[R] nls: different results if applied to normal or linearized data

[Prof Brian Ripley]

On Thu, 6 Mar 2008, Wolfgang Waser wrote:

> Thanks for your comments!
>
>> Yes.  You are fitting by least-squares on two different scales:
>> differences in y and differences in log(y) are not comparable.
>>
>> Both are correct solutions to different problems.  Since we have no idea
>> what 'x' and 'y' are, we cannot even guess which is more appropriate in
>> your context.
>
> I'm fitting metabolic rate data from small fish (oxygen consumption in
> nmol/min vs. body weight in g).
> The b coefficient is the interesting part and is generally somewhere around
> 0.75.
> The one calculated for my data using option (a) is therefore 'better' than
> (b,c), but which one is the correct to use?

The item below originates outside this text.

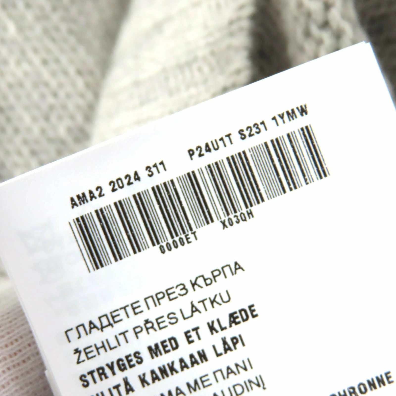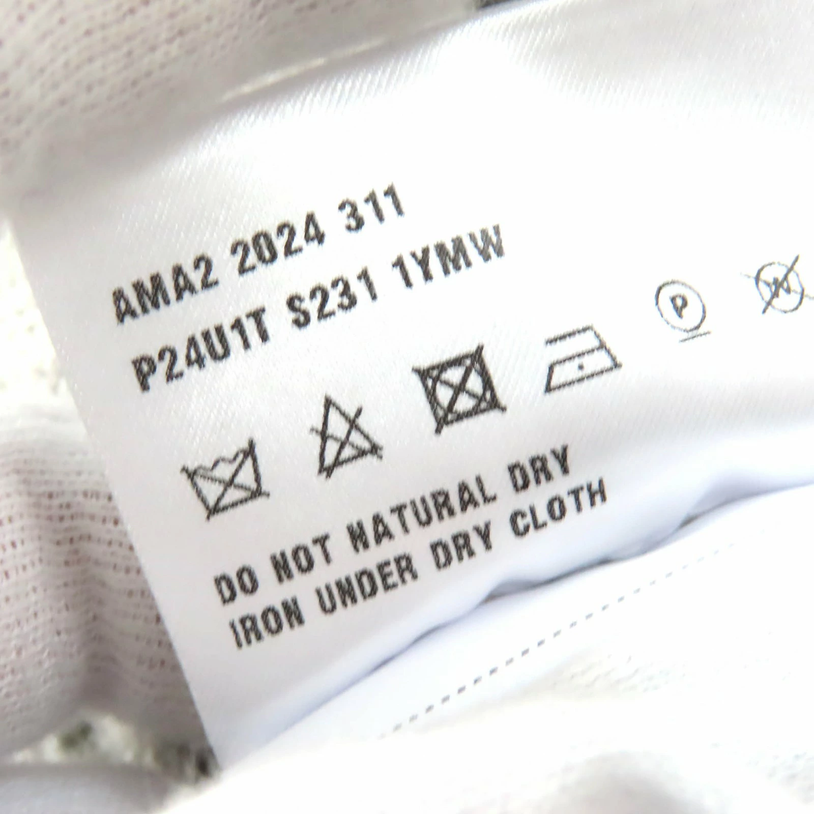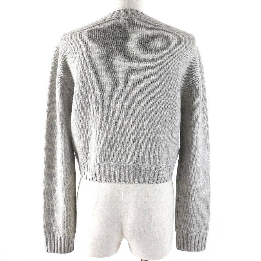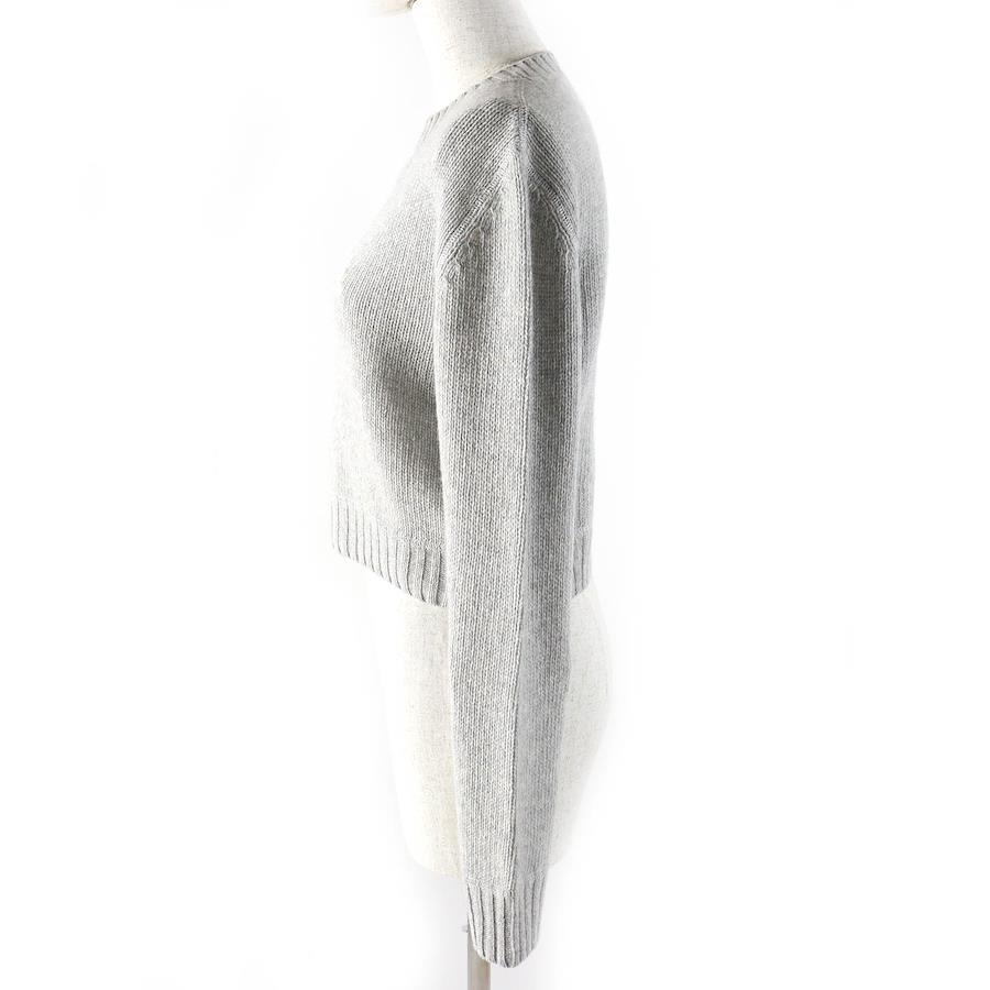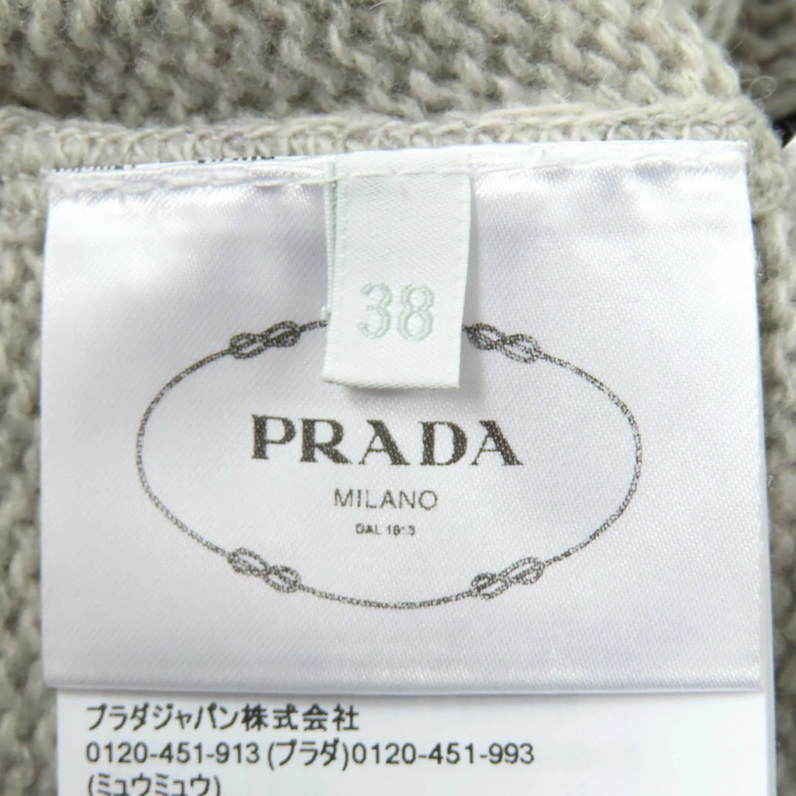 Excellent condition PRADA Prada 2024 P24U1T virgin wool cashmere logo box silhouette crew neck cropped knit sweater in light gray and white, size 38, made in Italy. Authentic. Recommended for women. [Pre-owned]

Log-transformation of metabolic
> rate data is (was) normally performed to be able to determine a and b by
> simple linear regression (or even on paper).
>
>
>> The two approaches assume two different models.
>>
>>         Model (1) is y = a*x^b + E (where different errors are independent  
>> and identically
>>         --- usually normally --- distributed).
>>
>>         Model (2) is y = a*(x^b)*E (and you are usually tacitly assuming  
>> that ln E is normally distributed).
>>
>>         The point estimates of a and b will consequently be different ---  
>> although usually not hugely
>>         different.  Their distributional properties will be substantially  
>> different.
>
> So in view of my context (metabolic rate data) would Model (1) be the
> appropriate model to use?

Unlikely for a rate: those are normally viewed as being on log scale (we 
saya a rate is doubled, for example).  But a residual analysis will show 
if there are departures from assumptions in one or other model.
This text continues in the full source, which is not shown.